> ENTRIES SUPPLIED:
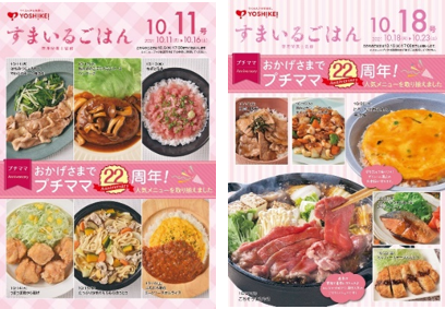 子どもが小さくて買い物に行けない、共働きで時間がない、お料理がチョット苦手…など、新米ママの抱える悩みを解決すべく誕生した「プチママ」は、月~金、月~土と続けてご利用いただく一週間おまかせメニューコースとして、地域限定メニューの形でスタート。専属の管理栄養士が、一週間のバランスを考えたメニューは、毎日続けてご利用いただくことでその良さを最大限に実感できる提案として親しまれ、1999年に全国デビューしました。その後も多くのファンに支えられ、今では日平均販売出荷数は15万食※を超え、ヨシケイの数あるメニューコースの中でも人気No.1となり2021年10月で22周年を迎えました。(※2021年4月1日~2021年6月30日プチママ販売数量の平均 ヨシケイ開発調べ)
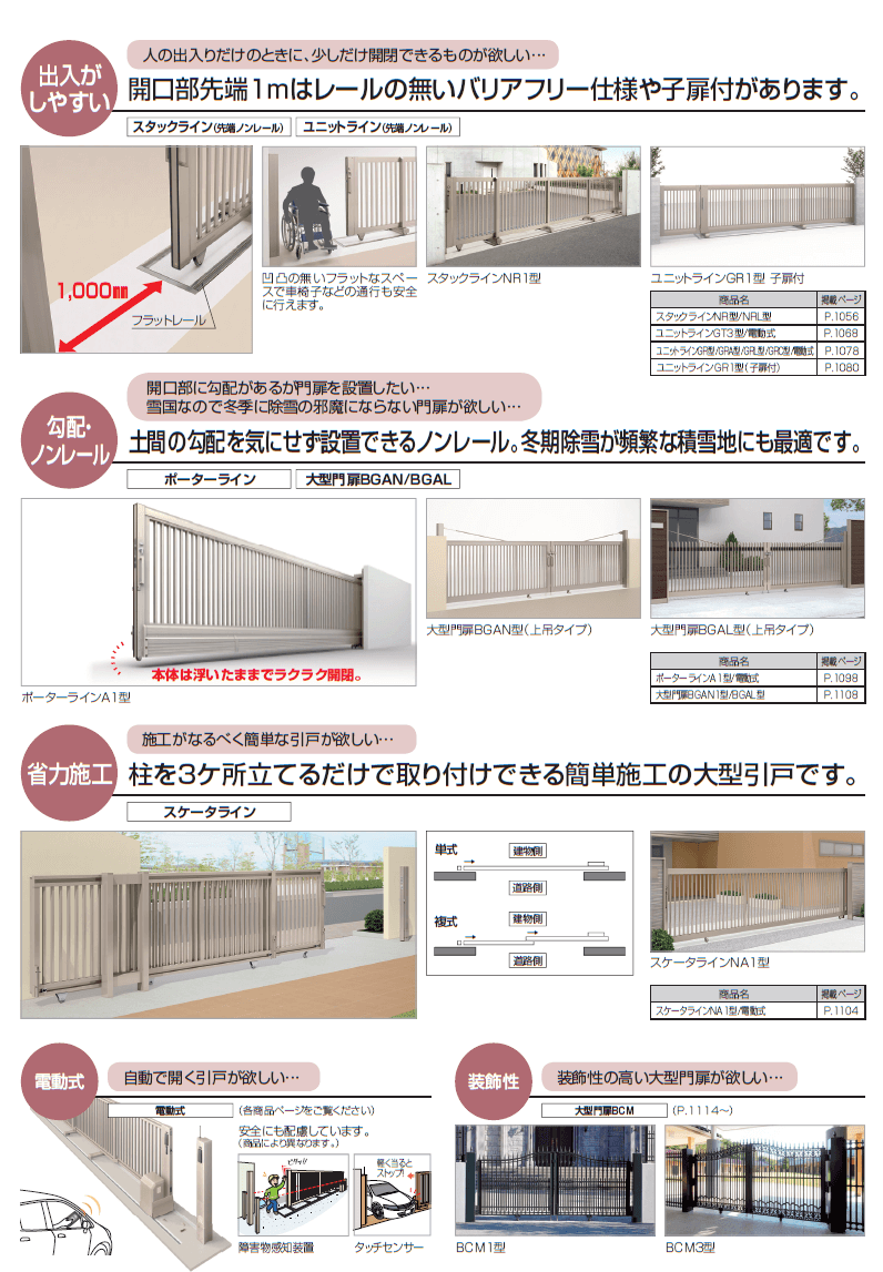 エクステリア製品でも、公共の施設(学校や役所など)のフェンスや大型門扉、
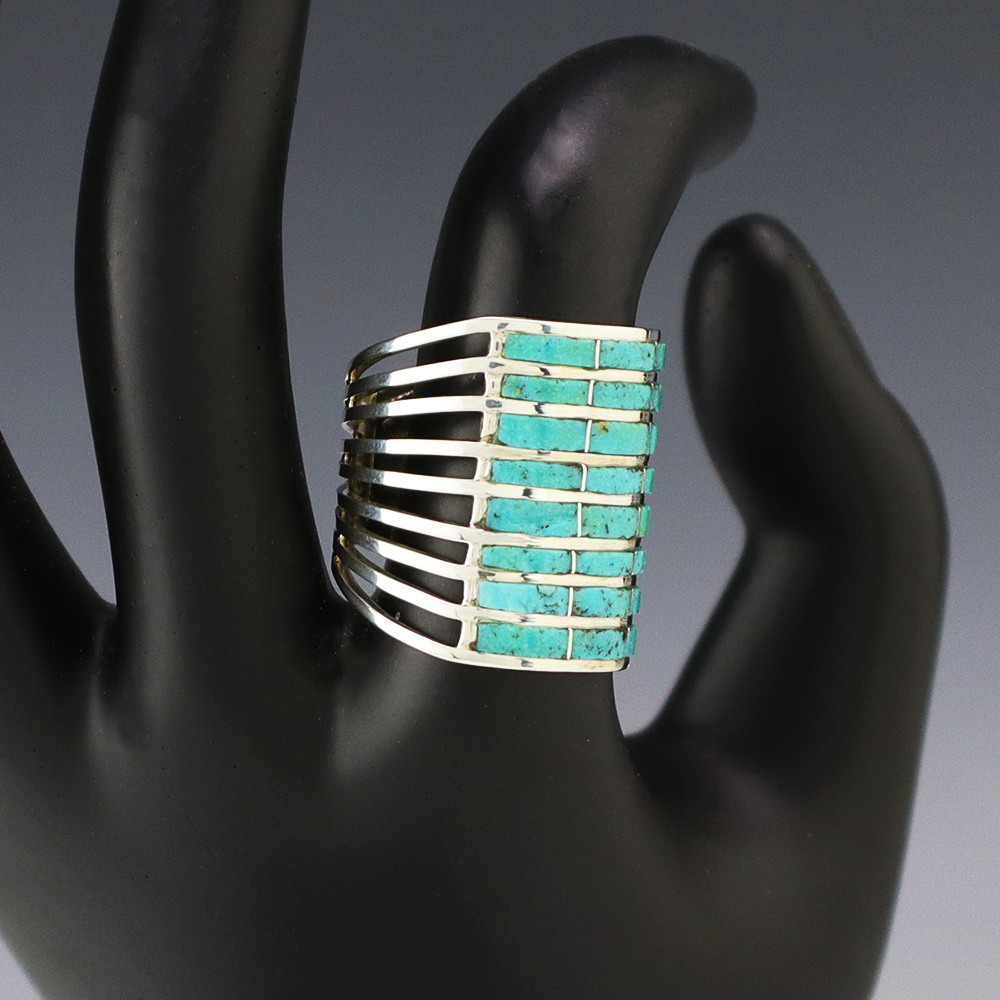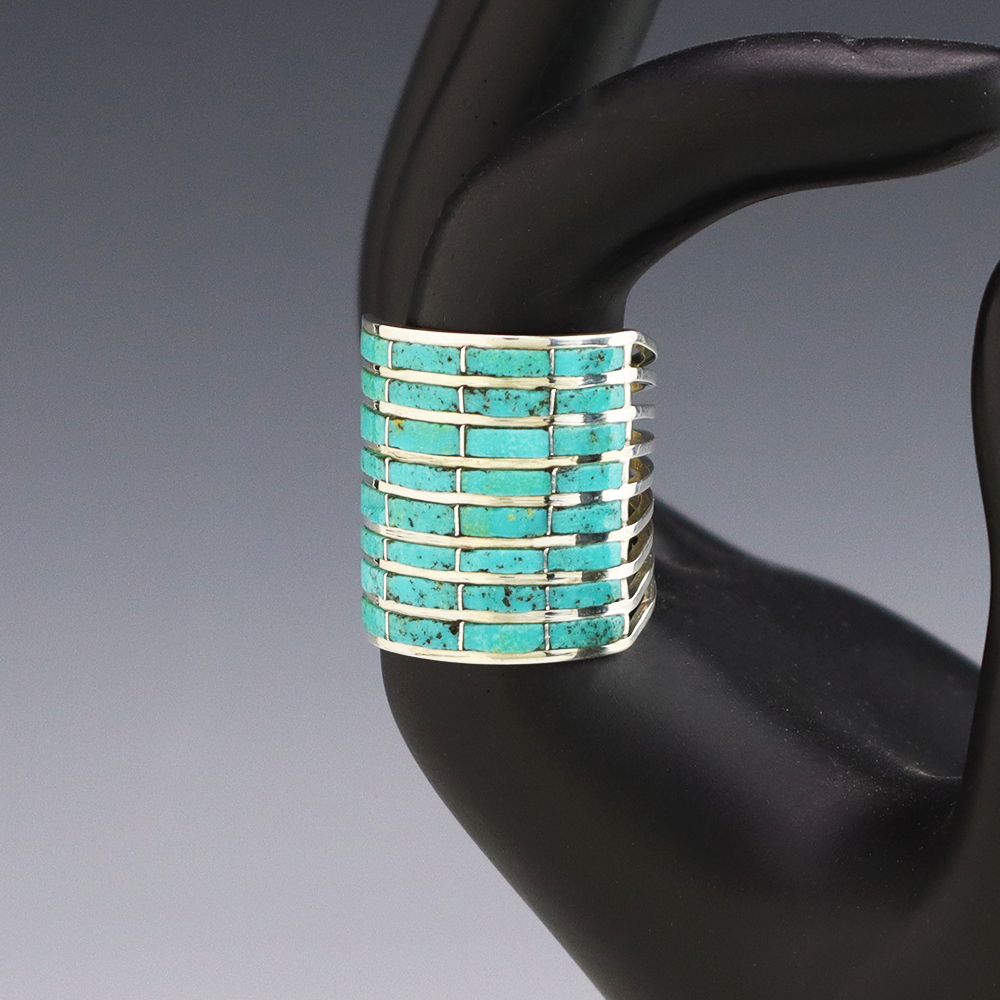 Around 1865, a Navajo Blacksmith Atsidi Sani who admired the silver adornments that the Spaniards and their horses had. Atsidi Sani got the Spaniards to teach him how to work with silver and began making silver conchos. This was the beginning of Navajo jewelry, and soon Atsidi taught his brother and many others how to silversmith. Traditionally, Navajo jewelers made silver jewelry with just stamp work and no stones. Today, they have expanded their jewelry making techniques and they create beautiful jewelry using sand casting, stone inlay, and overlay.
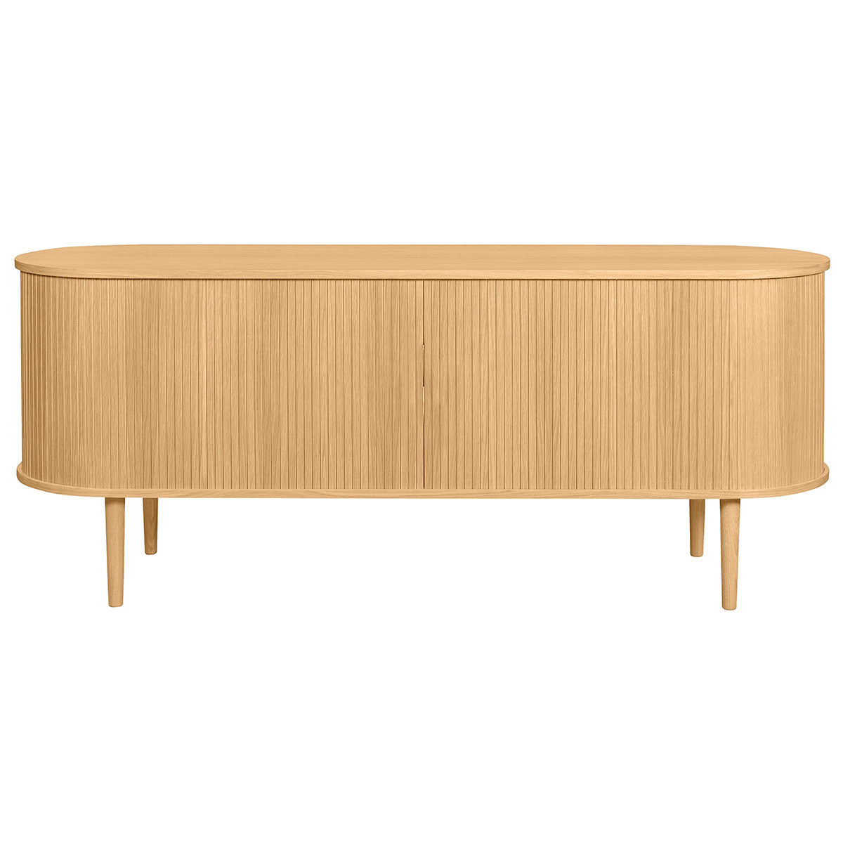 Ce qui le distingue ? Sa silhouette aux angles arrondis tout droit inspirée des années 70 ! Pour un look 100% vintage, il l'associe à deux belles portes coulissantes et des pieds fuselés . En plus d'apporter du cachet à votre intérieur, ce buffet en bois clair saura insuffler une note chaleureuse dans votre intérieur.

==

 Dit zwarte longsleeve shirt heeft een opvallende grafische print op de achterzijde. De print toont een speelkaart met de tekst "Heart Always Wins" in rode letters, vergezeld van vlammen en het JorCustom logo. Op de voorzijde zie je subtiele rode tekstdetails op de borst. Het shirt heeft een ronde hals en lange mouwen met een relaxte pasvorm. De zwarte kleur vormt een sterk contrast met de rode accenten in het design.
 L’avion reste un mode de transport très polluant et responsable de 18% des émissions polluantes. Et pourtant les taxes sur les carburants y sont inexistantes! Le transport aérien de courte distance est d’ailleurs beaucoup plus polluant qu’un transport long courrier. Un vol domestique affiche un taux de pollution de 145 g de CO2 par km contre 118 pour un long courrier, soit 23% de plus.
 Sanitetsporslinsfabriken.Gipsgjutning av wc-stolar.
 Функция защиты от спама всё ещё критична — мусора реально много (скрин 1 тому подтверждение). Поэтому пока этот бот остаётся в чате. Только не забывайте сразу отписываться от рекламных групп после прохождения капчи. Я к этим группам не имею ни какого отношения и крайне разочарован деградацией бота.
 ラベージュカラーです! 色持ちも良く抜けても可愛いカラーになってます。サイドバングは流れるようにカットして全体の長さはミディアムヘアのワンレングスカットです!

> ACTION ITEM: Quote the lines above exactly, starting with the one that has "子どもが小さくて買い物に行け" and ending with the one that has "エクステリア製品でも、公共の施設(学校や役所など)のフェンスや大型門扉、"; drop the pictures and include nothing else.

> EXPECTED ANSWER:
 子どもが小さくて買い物に行けない、共働きで時間がない、お料理がチョット苦手…など、新米ママの抱える悩みを解決すべく誕生した「プチママ」は、月~金、月~土と続けてご利用いただく一週間おまかせメニューコースとして、地域限定メニューの形でスタート。専属の管理栄養士が、一週間のバランスを考えたメニューは、毎日続けてご利用いただくことでその良さを最大限に実感できる提案として親しまれ、1999年に全国デビューしました。その後も多くのファンに支えられ、今では日平均販売出荷数は15万食※を超え、ヨシケイの数あるメニューコースの中でも人気No.1となり2021年10月で22周年を迎えました。(※2021年4月1日~2021年6月30日プチママ販売数量の平均 ヨシケイ開発調べ)
 エクステリア製品でも、公共の施設(学校や役所など)のフェンスや大型門扉、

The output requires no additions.